Saturday, June 27, 2026

Stanky The Clasico Hot Sauce Review

Stanky The Clasico

I suppose I might be accused of being elitist, perhaps even a bit narrow, in my tastes, to which I would agree to the first characterization and dissent fairly firmly on the second...but there are some areas in which I want something specific and things that fall outside of that, I might find in question. If they fall far outside of it, the odds tend to decrease that I will look on it favorably. Case in point, Mexi-style sauces and astringency. One of the very last things I look for in that style of sauce is pungency. I more want a richness and warmth and a depth of flavor, along with some solid heat, and maybe a tinge of astringency, but not a lot more than that.

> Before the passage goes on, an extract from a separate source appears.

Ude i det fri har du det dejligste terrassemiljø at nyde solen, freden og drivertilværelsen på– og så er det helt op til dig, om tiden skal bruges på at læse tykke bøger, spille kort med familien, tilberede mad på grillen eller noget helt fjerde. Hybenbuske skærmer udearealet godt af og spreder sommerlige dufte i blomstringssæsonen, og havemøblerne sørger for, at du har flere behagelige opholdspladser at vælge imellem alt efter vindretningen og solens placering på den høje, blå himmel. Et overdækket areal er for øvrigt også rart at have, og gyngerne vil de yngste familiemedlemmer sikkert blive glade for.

In this case, there is unfortunately quite a bit more.

I’ve seen this company around for a while and might have gotten them confused with Funky’s and that whole fermented scene, but I vaguely remembered the sauces I looked at from them having onions, so I put them on the backburner for a while...a long while. Eventually, as it turned out, I had some space and figured now might be a good time, despite me finding their name a touch odd - it is a sort of nickname for the last name of the owners, not a reference to something Ike Turner famously told Tina Turner to put on her vocals while in the studio - now being the moment to give them a shot and figured I’d start with the sauce that sounded like sort of a “house” sauce. If companies have one of these, it is often times the most accessible and since this was the introductory sauce from them, I figured it would be a good starting point, despite not really having anything resembling heat in the ingredients.

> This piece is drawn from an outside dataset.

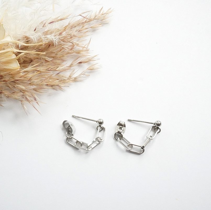 スクエアチェーンを使ったミニサイズのピアス*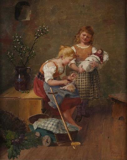 Keywords: Georg Rössler Mädchen spielen mit Puppen.jpg ädchen spielen mit Puppen signiert Rössler München Öl auf Leinwand 51 5 x 41 5 cm http //www doebritz de Auktionshaus Döbritz by 1925 Georg Rössler 1861 “1925 PD-old-auto 1925 Images from Auktionshaus Döbritz Georg Rössler Paintings of girls with dolls Playing children in art |

There are a lot of “from concentrates” and powders here, which gives me a touch of pause whenever I see that, as often that will wind up being reflected in the overall flavor. In this case, there is quite a lot of vinegar and citrus competing for palate space, but I was able to tamp those down here and there, depending on pairing, and then got hit with a fairly abrasive garlic hit. The ingredient list definitely leans pretty strongly into the idea this is meant to be a Mexi-style sauce and given that they’re a Florida company, I assume the inclusion of key lime is meant to be a reference to that, but altogether, it’s just too much and comes across as a bit sour. It is definitely well, well outside of what I want in a Mexi-style sauce, a facet of which is that the sauce needs to be delicious on its own. For me, this one is decidedly not. 

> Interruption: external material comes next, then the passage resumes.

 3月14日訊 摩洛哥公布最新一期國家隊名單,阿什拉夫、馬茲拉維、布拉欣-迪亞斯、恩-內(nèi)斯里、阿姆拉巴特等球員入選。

Bottom line: It’s possible I may consider something else from them down the line, but I found this sauce to be quite underwhelming and not something I am going to continue with.

Breakdown:

            Heat level: 0
            Flavor: 2
            Flexibility: 2
            Enjoyment to dollar factor: 0

Overall: 1 

Tuesday, June 23, 2026

Splintered Lu'au Pohaku Hot Sauce Review

Splintered Lu’au Pohaku

This is, to my memory, the first time I’ve had the combination of Carolina Reaper and pineapple, but it makes sense. We see a lot of Habanero and pineapple as well as Scotch Bonnets and sometimes we may see a Ghostie floating around, but rarely does this type seem to get too far into the superhots, particularly the upper level. I really liked this idea, given that it was possibly a new spin on pineapple sauces. Pineapple is also one of my favorite fruits, so even discounting the onion powder and garlic powder in the ingredient list, I had high hopes.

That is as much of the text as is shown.